Op bezoek bij …
Wie: Helena Jiskrova.
Waar: Weesperzijde ter hoogte van de Ysbreeker
Sinds wanneer: Sinds 2011
Misschien heb je haar wel eens zien scharrelen, wroetend in die mooi begroeide wal in de groenstrook langs de Amstel. Helena neemt een groot deel van het onderhoud voor haar rekening en is er in het zomerseizoen bijna elke dag te vinden. Ze woont er aan de overkant. Haar gereedschap: een harkje, een schepje, een gekarteld keukenmes, sikkel en 2 lepeltjes.

Helena blijkt tijdens ons bezoek een belezen vrouw, uitstekend op de hoogte van wat er speelt in de wereld.
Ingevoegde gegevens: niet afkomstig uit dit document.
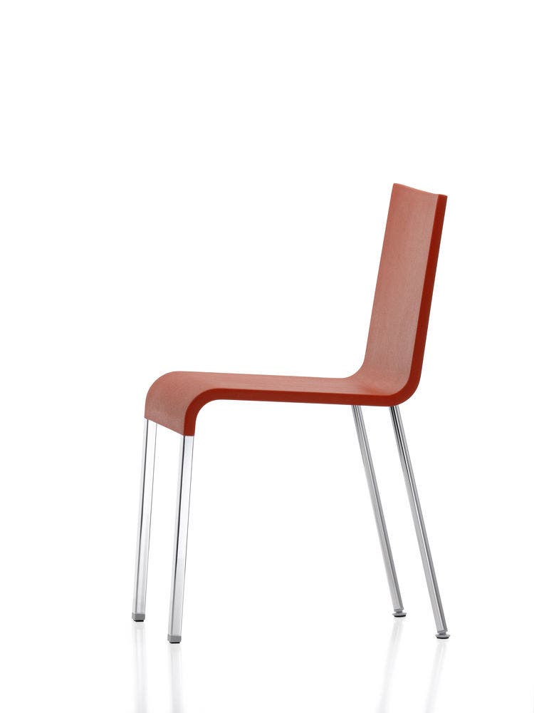 The extraordinary comfort of the unobtrusive .03 chair is first revealed upon use: the seat shell, which is made of resilient integral skin polyurethane foam, adapts to the user's body and flexes slightly when the sitter leans back, aided by leaf springs embedded in the backrest.
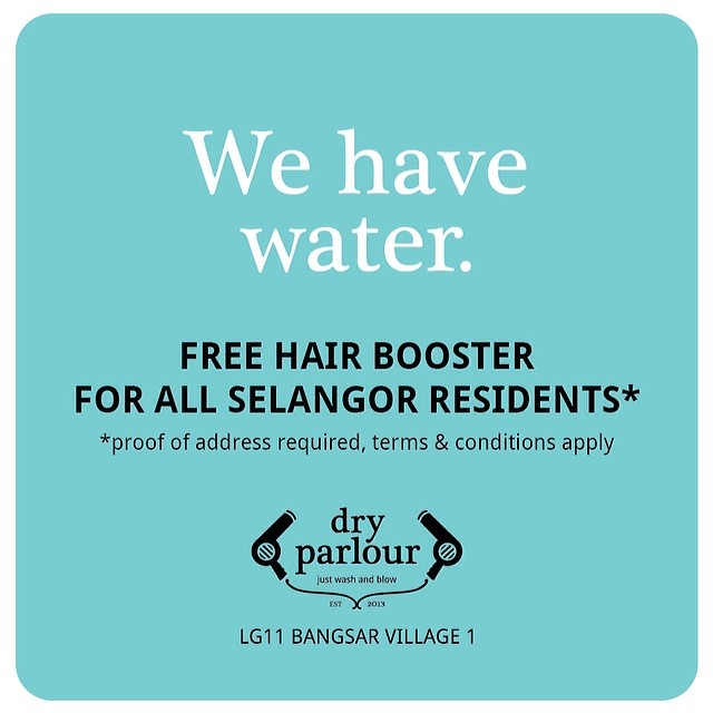 Water woes leaving you high and dry at home? Getting your water supply is probably wreaking havoc on your hair. That’s probably why KL’s first blow-dry bar, Dry Parlour in Bangsar Village 1, is offering to give Selangor residents a free hair booster up until this Sunday, March 2.
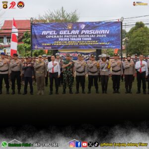 Tanjab Timur|Telago.co.id- Polres Tanjung Jabung Timur menggelar Apel Gelar Pasukan Operasi Patuh Siginjai 2025 sebagai langkah awal dalam rangka meningkatkan disiplin dan kepatuhan masyarakat dalam berlalu lintas, Senin 14 Juli 2025.
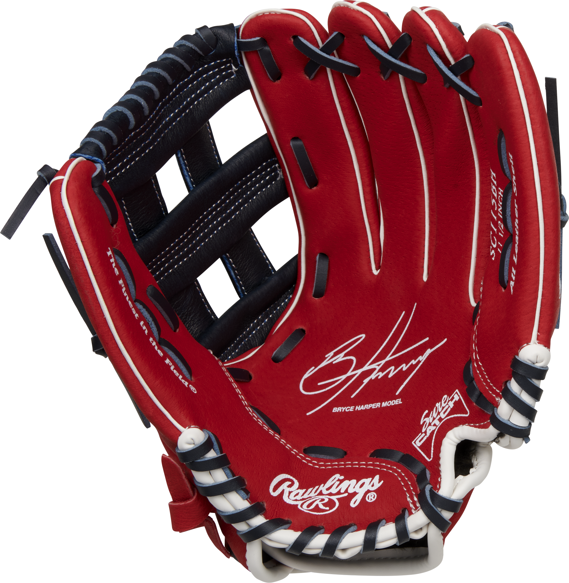 The Rawlings Sure Catch™ 11.5-Inch youth infield/outfield glove is constructed with a soft, all-leather shell for enhanced durability and pocket shape retention. Its Sure Catch heel cut out design allows for a quick and easy close making it perfect for young athletes who need a glove that’s game-ready off the shelf. Additionally, the cushioned finger linings offers added comfort and features a Velcro wrist strap for a custom fit. Bryce Harper Signature Model. Get yours today!

Ze kiest haar woorden zorgvuldig en houdt duidelijk niet van prietpraat; met haar heldere, uitgesproken meningen en eruditie krijgt ons intense gesprek al snel een filosofisch, bespiegelend karakter.
Helena werd geboren in Praag en studeerde er architectuur. Tijdens haar studie voelde ze zich aangetrokken tot het Nederlandse rationalisme, een architect als Herman Hertzberger had haar belangstelling. Vandaar haar keuze voor stages in Nederland, eind jaren ‘60.
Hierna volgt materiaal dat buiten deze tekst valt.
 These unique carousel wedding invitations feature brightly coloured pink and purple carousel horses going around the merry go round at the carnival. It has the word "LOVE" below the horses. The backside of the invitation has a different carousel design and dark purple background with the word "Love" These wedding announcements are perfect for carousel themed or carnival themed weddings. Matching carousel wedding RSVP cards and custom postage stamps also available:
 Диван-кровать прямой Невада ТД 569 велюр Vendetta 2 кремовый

Ze was stagiair bij architect Bart van Kasteel in Amsterdam en was bij hem betrokken bij de verbouwing van het oude Burgerweeshuis tot Amsterdams Historisch Museum. Ook bij architecten Van den Broek en Bakema in Rotterdam had ze een fantastische leerperiode.
Later, in 1978, vroeg ze samen met man, ook architect, en 2 kinderen, politiek asiel aan in Nederland. Ze volgden de vele dissidenten, waaronder veel musici, artsen en specialisten, die sinds 1968 naar Nederland gevlucht waren. In Rotterdam bouwde het architectenpaar, ondanks veel tegenwerking van de Nederlandse overheid, hun levens weer op. Helena studeerde nogmaals af in Delft en naast haar eigen carrière werd ze ook docent aan architectuuropleidingen in o.a. Delft, Aken en Praag.
Toen Helena rond 2010 ernstig ziek werd besloot ze haar geliefde huis in Rotterdam te verlaten en haar kinderen en kleinkinderen te volgen naar Amsterdam, om dicht bij haar familie te wonen. De doodzieke oma knapte wonder boven wonder een beetje op en hier zit ze nu, energiek en wel, alweer bijna 15 jaar aan de Amstel.
Het pittoreske Amsterdam trok haar nooit: ‘Als je uit Praag komt, dan wil je niet weer in historische conserven gaan wonen’. Het moderne Rotterdam vond ze uitdagender. Haar uitzicht op de Amsteldijk, met de neogotische torentjes, is dan ook niet aan haar besteed.
Het is de architecte in Helena, die nu tegen ons spreekt. Ze kijkt naar steden vanuit de plattegronden en vanuit een historisch perspectief. Waarvoor is een stad gesticht en gebouwd?
Ze vindt Amsterdam, ondanks de geweldige gebouwen aan de grachten, geen woonstad.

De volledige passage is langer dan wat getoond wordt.